The Republican-controlled 109th Congress, though, ultimately did nothing about a national data breach disclosure law. Unfortunately, the Democrat-controlled 110th Congress is about to clock in with the same results.

Almost four years after the fact, Congress still piously rails against U.S. data breaches, holds high-profile hearings that play well back home and, ultimately, does nothing.

Data breach notification bills in both the House and Senate failed in the 109th largely because of jurisdictional disputes between various committees. Lawmakers also struggled with the trigger mechanisms for breach notification. Some favored notification when a “significant” risk of potential identity theft exists while others supported a “reasonable” risk standard.

In the 110th Congress, which hardly has a breath of life left in it, the same types of data breach disclosure legislation were introduced and met the same fate. Even Sen. Dianne Feinstein’s bill to let retailers, data brokers and others determine the disclosure trigger failed to gain traction.

Everyone, it seemed, was worried about consumers getting too many notices that would lead them to ignore all warnings. Meanwhile, more than 40 states have passed some sort of data breach disclosure law, creating a hodgepodge of standards.

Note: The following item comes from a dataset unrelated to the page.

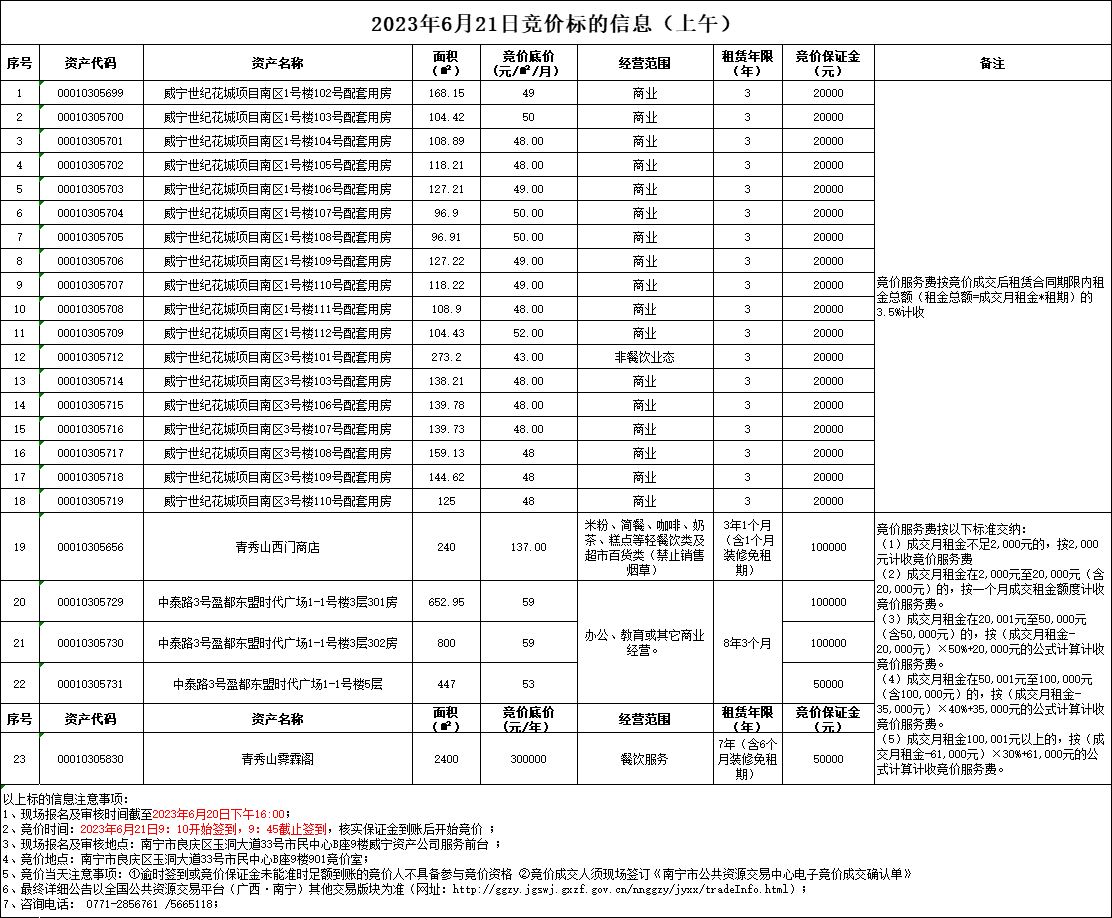 2023年6月21日竞价标的信息
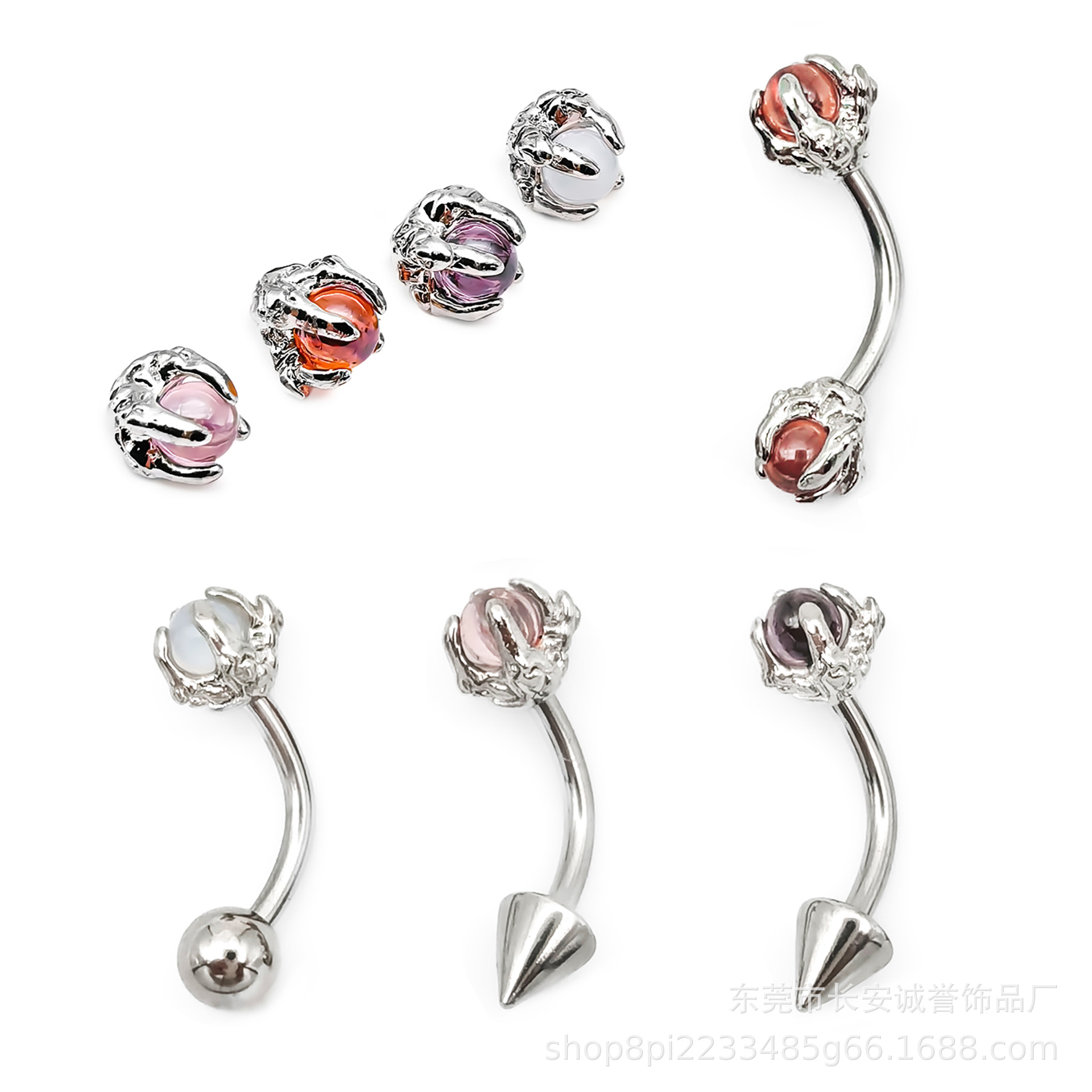 眉毛ネイル、ドラゴン爪、ジルコンリップネイル、オパールピアスジュエリー、ホットガールニッチイン、甘くてナチュラル、ヨーロッパとアメリカのステンレス

What is Congress waiting for? Surely it is not for the security industry to create magic bullets. It hasn’t.

According to data released Oct. 6 by the ITRC (Identity Theft Resource Center), data breaches continue unabated at U.S. corporations, governments and universities, already surpassing last year’s record 446 breaches. Through the end of September, the total number of data breaches recorded (PDF) by the ITRC was 516, averaging 57 breaches a month.

Instead of going forward, it seems we’re going backwards.